Incidentally, the thermal head of the present invention is not limited to the above-described embodiment, and various changes and improvements can be made without departing from the gist of the present invention. For example, as shown in FIG. If the upper end of the stopper 3A formed outside the both ends of the heating resistor array 2 on the upper surface of the heat radiating plate is higher than the upper surface of the head substrate 1, the stopper 3A can be used as the ink ribbon I or the recording paper P. Has the advantage that the conveyance of the ink ribbon I and the recording paper P can be further stabilized.
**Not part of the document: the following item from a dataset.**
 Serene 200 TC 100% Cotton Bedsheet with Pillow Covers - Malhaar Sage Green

In the above embodiment, the groove 3b provided inside the stopper 3a may be formed so as to penetrate to the lower surface of the heat sink 3.

[0026]

According to the thermal head of the present invention, the end surface of the head substrate is brought into contact with a region outside the both ends of the heating resistor array on the upper surface of the heat sink on which the head substrate is mounted. Since the stop portion for positioning and the groove portion are formed directly below the inside of the stop portion, the end surface of the head substrate is brought into good contact with the stop portion to accurately and easily position the head substrate. Can be done. In addition, since the groove is provided only in an area outside both ends of the heating resistor array, the groove does not interrupt heat conduction from the head substrate to the heat radiating plate at all, and generates heat on the lower surface of the head substrate. It is possible to make good contact with the upper surface of the heat sink over the region immediately below the resistor row. Therefore, the heat in the head substrate is well conducted to the heat radiating plate side, and the temperature of the head substrate is effectively prevented from becoming excessively high, whereby a clear and good print can be formed. It becomes possible.
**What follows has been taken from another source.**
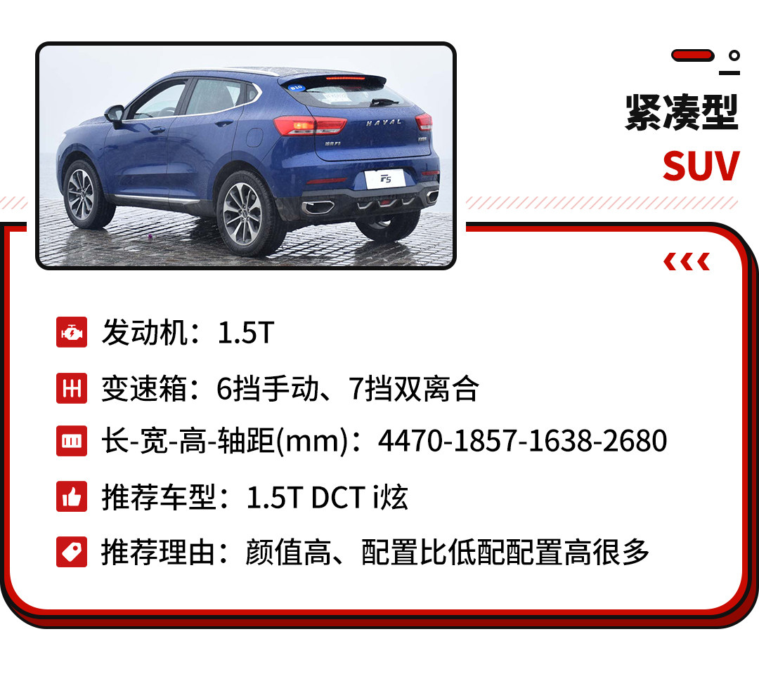 哈弗也是跟比亚迪一样,主打设计配置和使用体验的品牌,F5是更加年轻、运动的一个车型,为年轻消费者而来,这款哈弗F5的起步价很诱人,8万不到,但是入门版的车型真心不推荐。

[Brief description of the drawings]

FIG. 1 is a perspective view showing one embodiment of a thermal head of the present invention.
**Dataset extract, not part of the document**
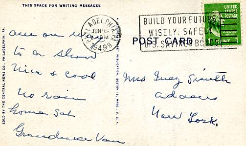 USA Flag and Liberty Bell --- E, PU, DB, L, WOB, PM 1949

FIG. 2 is a side view of the thermal head of FIG. 1 viewed from an X direction.

FIG. 3 is a side view of the thermal head of FIG. 1 as viewed from a Y direction.

FIG. 4 is a perspective view showing a radiator plate 3 of the thermal head of FIG.

FIG. 5 is a perspective view showing another embodiment of the thermal head of the present invention.

FIG. 6 is a side view of a conventional thermal head.

[Explanation of symbols]

 DESCRIPTION OF SYMBOLS 1 ... Head board 2 ... Heating resistor row 2a ... Heating resistor 3 ... Heat sink 3a ... Stop part 3b ... Groove part

Claims (1)

[Claims] 1. A thermal head comprising: a head substrate provided with a plurality of heating resistor arrays each including a plurality of heating resistors along one side of an upper surface; A stop portion for positioning the head substrate by bringing the end surface of the head substrate into contact with a region located outside both ends of the heating resistor row, and a groove portion formed directly below the inside of the stop portion. A thermal head characterized by the following.